Folha de S. Paulo


Defensor de LGBTs e mulheres, grupo libanês faz shows em São Paulo

Tarek Moukaddem/Divulgação
Hamed Sinno, Haig Papazian (de pé), Carl Gerges, Ibrahim Badr e Firas Abou Fakher, da banda libanesa Mashrou' Leila
Hamed Sinno, Haig Papazian (de pé), Carl Gerges, Ibrahim Badr e Firas Abou Fakher, da banda Mashrou' Leila

A banda libanesa Mashrou' Leila traz nesta semana a São Paulo uma criatura sensual, intelectual, melancólica e de batida eletrônica a que chama de Ibn El Leil: o "filho da noite", em árabe, nome dado a seu quarto álbum.

A formação, um dos grandes fenômenos musicais do Oriente Médio e um dos raros a ter sucesso fora dessa região, toca sexta (27) e sábado (28) no Sesc Pompeia.

A apresentação em São Paulo coincide com um de seus melhores momentos desde os primeiros acordes cifrados no subterrâneo de Beirute, há nove anos. Mas a banda –Mashrou' Leila significa "programa noturno" em árabe– também enfrenta hoje seus maiores desafios.

Algumas de suas canções descrevem romances homossexuais. Parte de seus membros, abertamente gays, defendem os direitos da comunidade LGBT e das mulheres no Oriente Médio, pelo que sofrem censura e boicote.
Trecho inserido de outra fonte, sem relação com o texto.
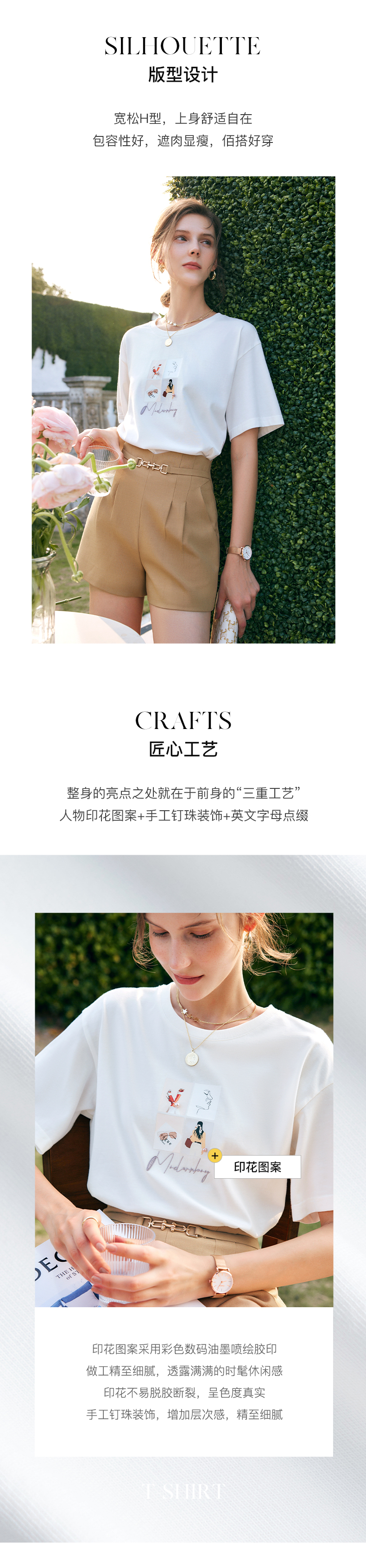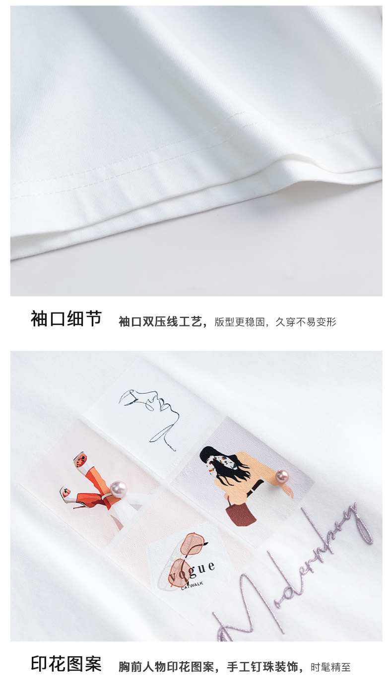 欧芮儿白色t恤女夏季2022新款宽松时尚印花落肩袖圆领纯棉上衣ins

Eles foram banidos na Jordânia e, depois de um show no Cairo, em setembro, ao menos 57 pessoas foram detidas pelas autoridades egípcias sob a suspeita de homossexualidade –o que não é crime ali, mas é punido.

"Sendo honesto, é difícil perdermos tantos mercados", afirma à Folha o vocalista Hamed Sinno, 29, sobre quem o clichê é inescapável: de olhar misterioso e um farto bigode, se parece com Freddie Mercury (1946-1991).

"É complicado fazer música independente no Oriente Médio enquanto as portas se fecham", afirma o pai da criatura noturna, que já estampou a capa da clássica revista gay francesa "Têtu".

A banda discute "o tempo todo" se deve começar a cantar em inglês. Hoje todas as suas canções estão no dialeto libanês do árabe, e é razoável supor que a maioria de seus fãs internacionais balance ao som de músicas que nem sempre entendem.

"Seria de fato mais eficiente para explorar novos mercados, em especial se a situação no Oriente Médio continuar assim", diz Sinno.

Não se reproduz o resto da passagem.